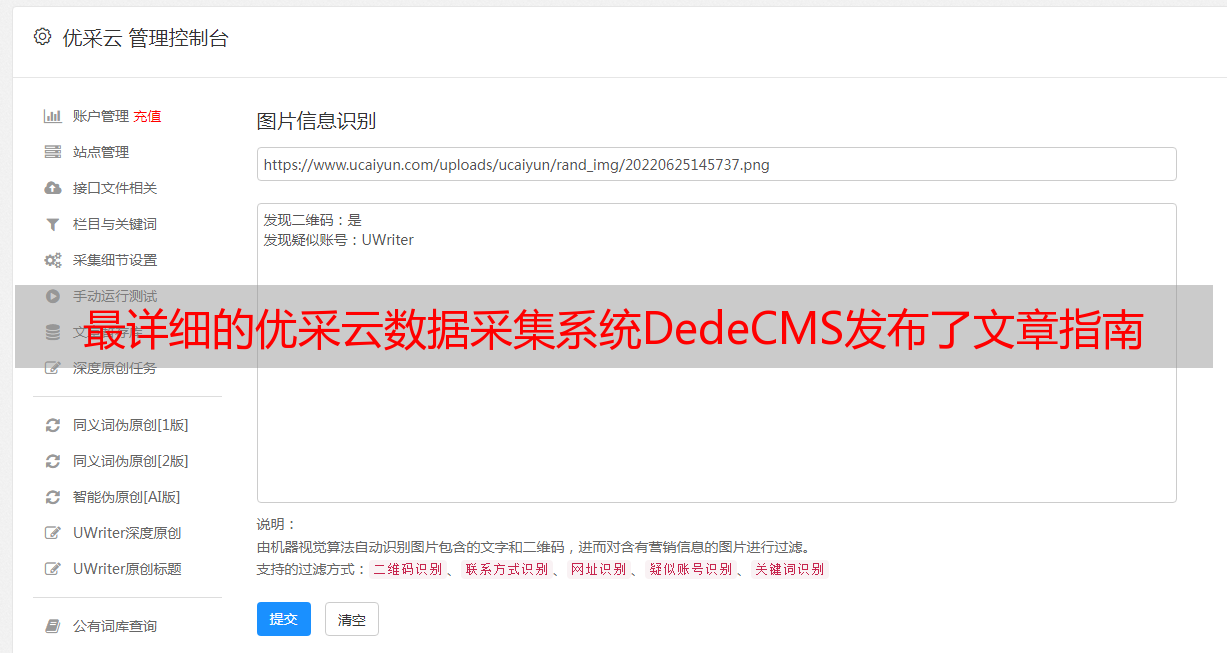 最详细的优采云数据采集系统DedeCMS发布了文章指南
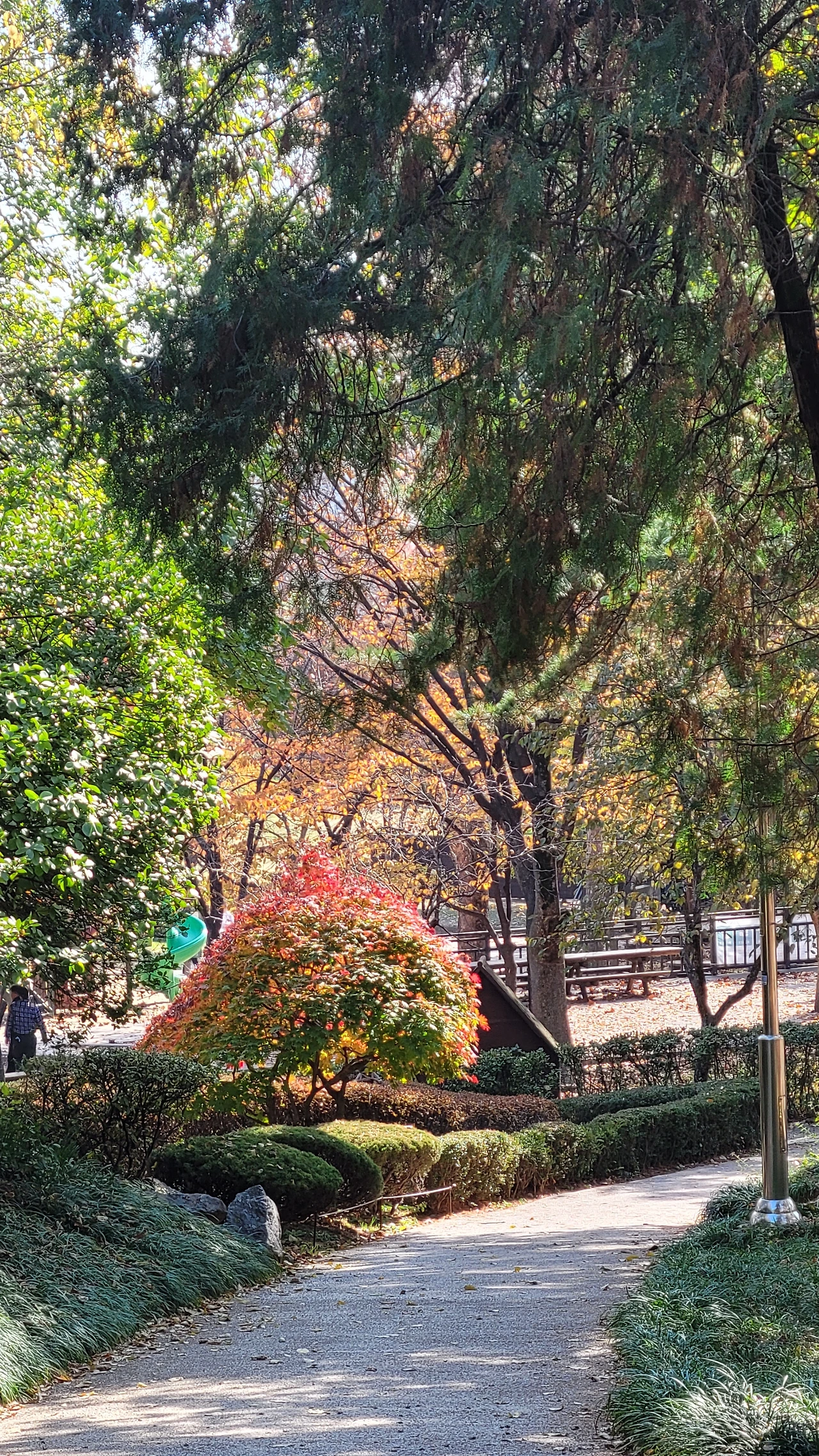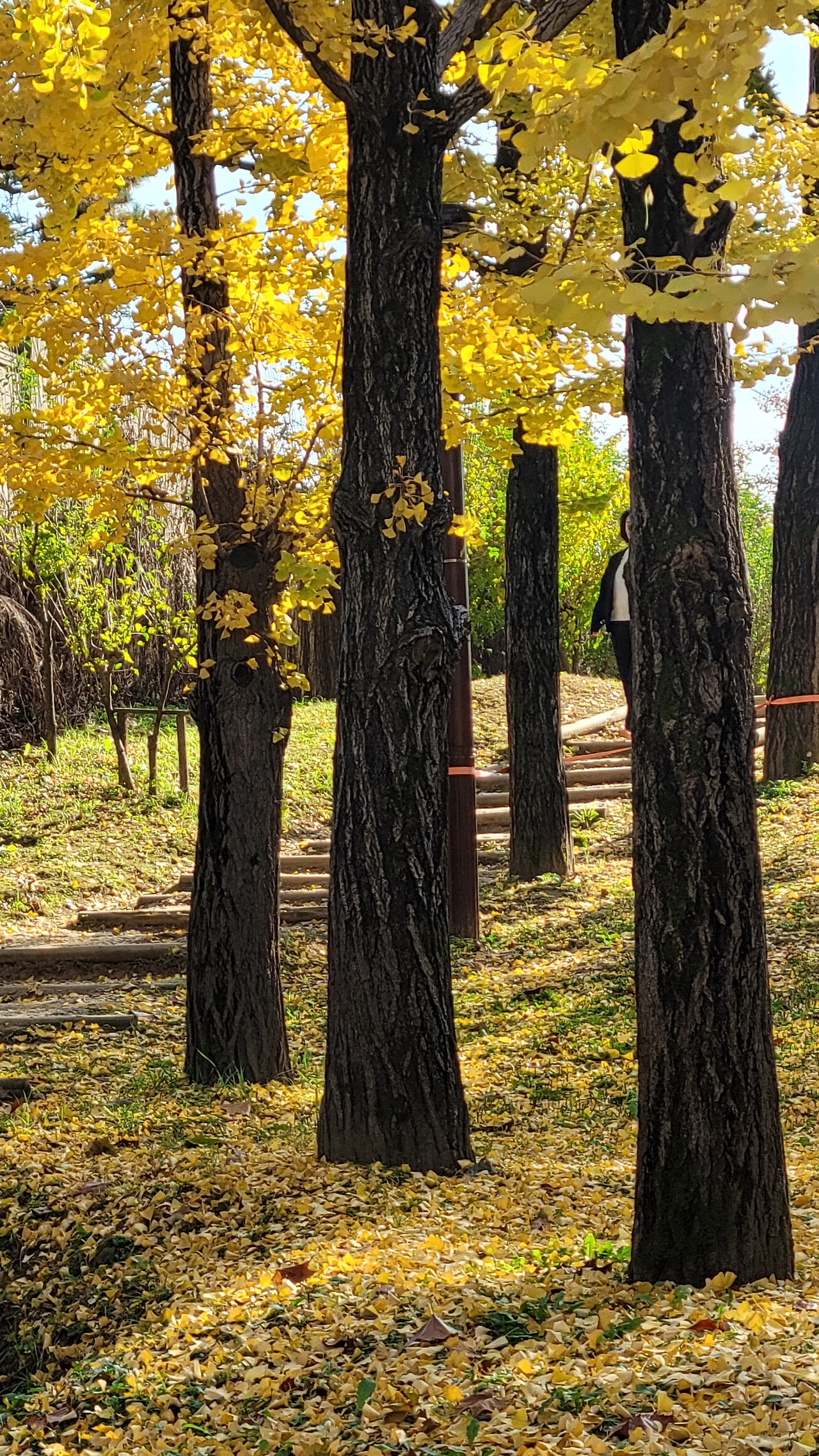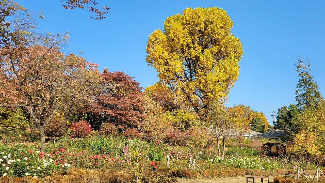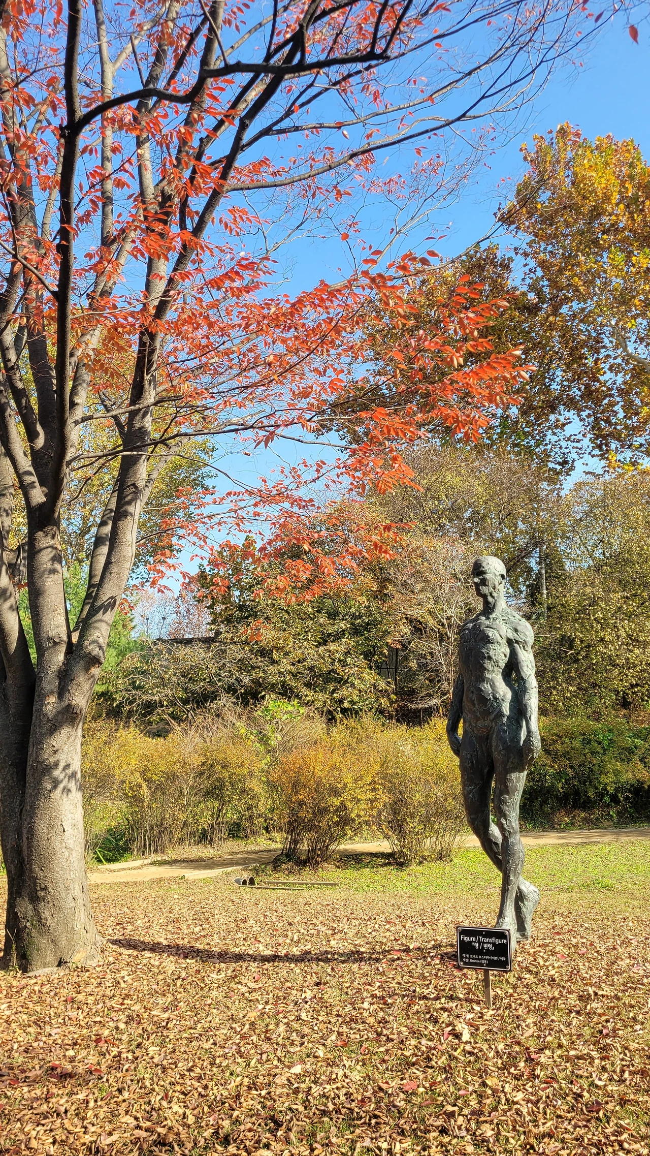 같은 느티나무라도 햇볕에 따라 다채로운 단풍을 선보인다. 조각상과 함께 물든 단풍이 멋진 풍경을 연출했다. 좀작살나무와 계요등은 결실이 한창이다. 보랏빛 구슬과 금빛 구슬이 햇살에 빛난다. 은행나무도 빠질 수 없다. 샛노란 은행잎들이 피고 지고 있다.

--------------------------------

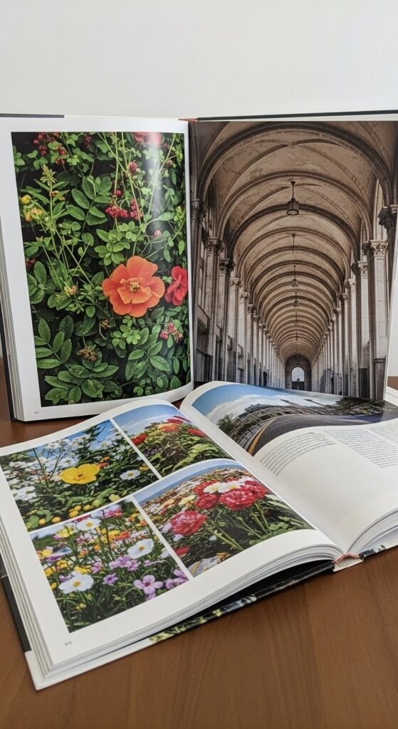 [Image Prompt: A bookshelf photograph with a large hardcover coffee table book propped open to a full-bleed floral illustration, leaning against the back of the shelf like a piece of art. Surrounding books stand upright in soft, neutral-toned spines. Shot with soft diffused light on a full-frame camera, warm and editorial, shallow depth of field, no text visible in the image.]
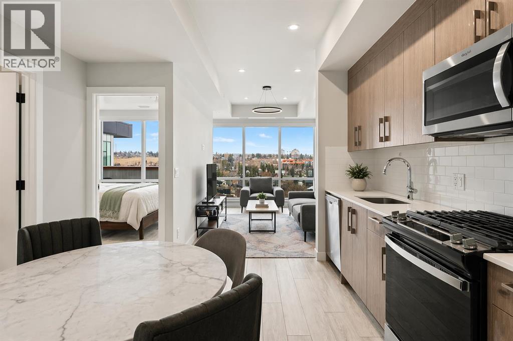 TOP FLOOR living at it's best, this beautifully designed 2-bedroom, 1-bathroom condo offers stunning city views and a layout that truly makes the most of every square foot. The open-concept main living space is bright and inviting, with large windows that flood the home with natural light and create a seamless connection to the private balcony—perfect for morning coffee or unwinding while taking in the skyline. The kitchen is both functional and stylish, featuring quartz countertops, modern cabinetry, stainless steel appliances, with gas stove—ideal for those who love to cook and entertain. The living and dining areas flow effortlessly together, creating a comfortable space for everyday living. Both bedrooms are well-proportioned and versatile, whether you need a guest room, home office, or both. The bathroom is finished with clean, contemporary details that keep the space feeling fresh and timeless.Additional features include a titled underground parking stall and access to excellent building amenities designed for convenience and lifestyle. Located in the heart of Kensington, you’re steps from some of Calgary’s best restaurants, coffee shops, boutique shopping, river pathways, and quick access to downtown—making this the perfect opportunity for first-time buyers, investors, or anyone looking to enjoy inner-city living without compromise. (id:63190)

--------------------------------

Brief
The lines above starting at the one that holds "最详细的优采云数据采集系统DedeCMS发布了文章指南" and ending at the one that holds "같은 느티나무라도 햇볕에" are to be written out exactly, ends included, and no pictures are to be copied.

Answer section
 最详细的优采云数据采集系统DedeCMS发布了文章指南
 같은 느티나무라도 햇볕에 따라 다채로운 단풍을 선보인다. 조각상과 함께 물든 단풍이 멋진 풍경을 연출했다. 좀작살나무와 계요등은 결실이 한창이다. 보랏빛 구슬과 금빛 구슬이 햇살에 빛난다. 은행나무도 빠질 수 없다. 샛노란 은행잎들이 피고 지고 있다.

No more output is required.